For these reasons, while acknowledging that there is not one superior method, and that the decision regarding which approach to take is in the hands of the researcher, we offer our perspective on how we would proceed: bias-corrected point estimates, and confidence intervals constructed using the normal distribution together with the variance taking into account the covariance of the selection indicators, adjusted with the Mancl and DeRouen-type correction. We stress the importance of using a bias correction to the variance estimator, while using uncorrected (but weighted) point estimates will, based on our results, generally not have a substantial impact on the analysis. The observation that one approach does not consistently outperform all of the others is consistent with results from papers comparing different small-sample bias corrections to the robust sandwich estimator in the complete data setting—no single small-sample correction consistently outperforms other small-sample adjustments. Which correction performs better depends on a variety of factors, including the number of clusters, the size of the clusters, the degree of variability in the cluster sizes, the degree of correlation among the clusters, and the type (cluster-level vs. individual-level) and distribution of the covariates in the model of interest. The theory that is presented relies on asymptotics, though in small samples, we are not aware of theory establishing small-sample behavior. Researchers must make decisions on what to do based on the characteristics of their data, and the objectives of their analysis. Finally, the simulations in this paper solely consider binary outcomes; more research is needed to determine the performance of these methods for continuous or count outcomes.

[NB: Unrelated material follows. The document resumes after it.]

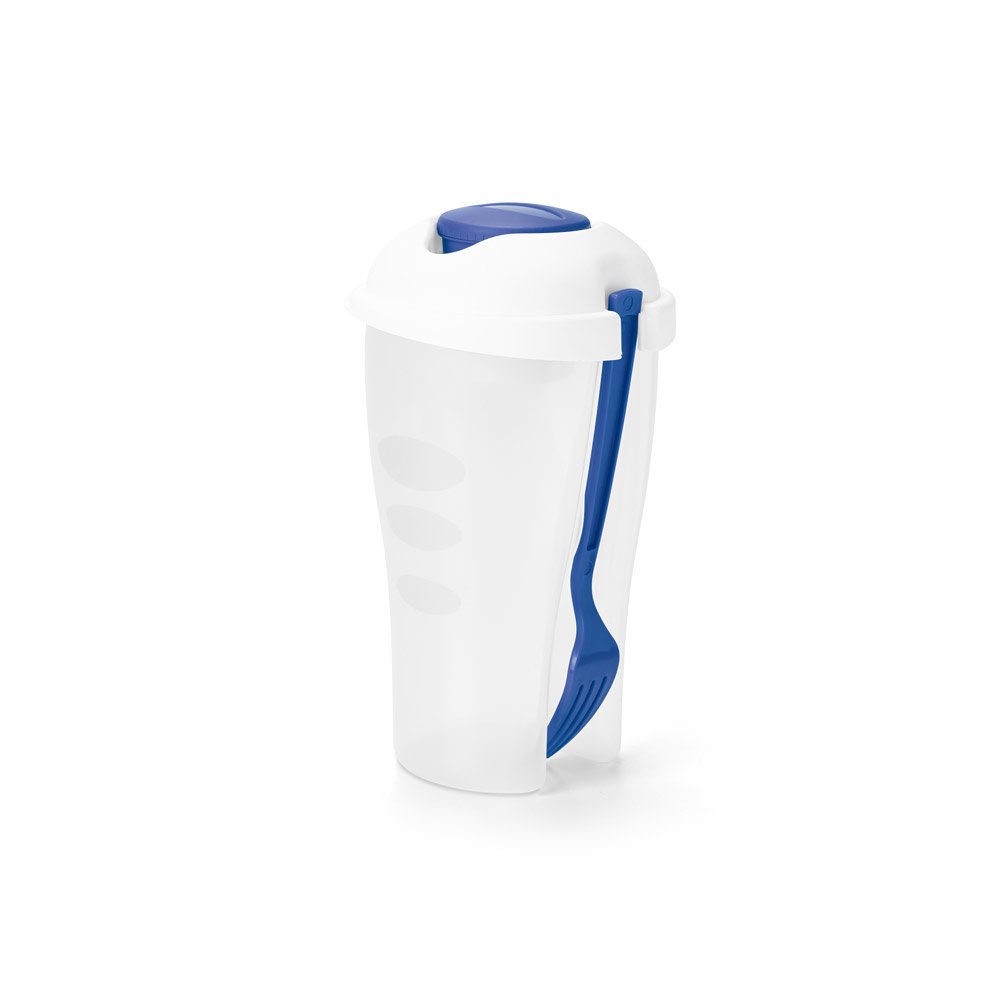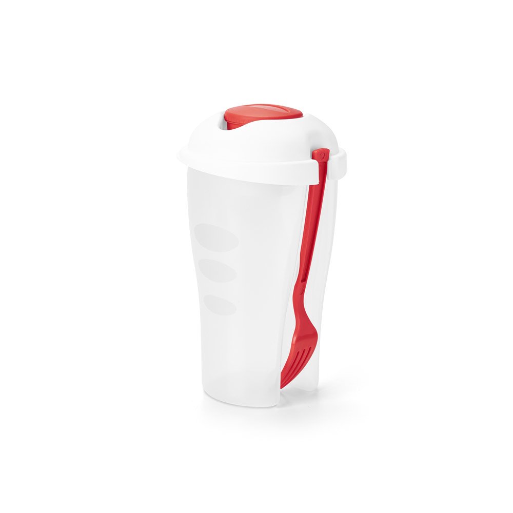 Copo para salada em PP com garfo e molheira. Capacidade até 850 mL. Apto para micro-ondas, retirando a tampa. Caixa branca 94659 vendida opcionalmente. Certificação EU Food Grade

The focus of this paper is how to carry out estimation and inference for a data set collected through a cluster-based ODS design, and on considerations that a researcher must make when the number of clusters in the subsample is small. An open question, however, is how to identify an optimal sampling design for selecting the clusters at the design stage. As explained in Section 2.1, the specific design we adopted in Rwanda arose through efforts to balance financial/logistic considerations with statistical power/efficiency, with the latter assumed to be driven, in part at least, by the prevalence of the outcome and the sample size. While this informal strategy may intuitively be reasonable, how to make optimal (or at the very least wise) choices regarding a stratification scheme or a choice of model for formula in this context is a topic of our ongoing research. Another approach to increasing efficiency is to use pieces of information known at the design stage to calibrate the weights used in the weighted estimating equations (Breidt et al., 2017; Rivera-Rodriguez et al., 2019); this, too, is an area for future research.

Data Availability Statement

The data that support the findings of this paper are available on request from the corresponding author. The data are not publicly available due to privacy or ethical restrictions.

Acknowledgments

Ms. Sauer was funded by the Harvard T.H. Chan School of Public Health NIEHS-sponsored Environmental Training Grant T32ES007142, and the Rose Traveling Fellowship Program in Chronic Disease Epidemiology and Biostatistics. Dr. Haneuse was supported by NIH grant R01 HL094786. Dr. Rivera-Rodriguez was supported by University of Auckland-Science/FRDF New Staff - 3716994. The Rwanda example included data collected as part of the All Babies Count program funded by Grand Challenges Canada Saving Lives at Birth, implemented by Partners In Health/Inshuti Mu Buzima and the Ministry of Health. The authors would like to thank Alphonse Nshimyiryo, Catherine Kirk, Ibrahim Hakizimana, and Robert Mutsinzi for their support in coordination and implementation of data collection in Rwanda.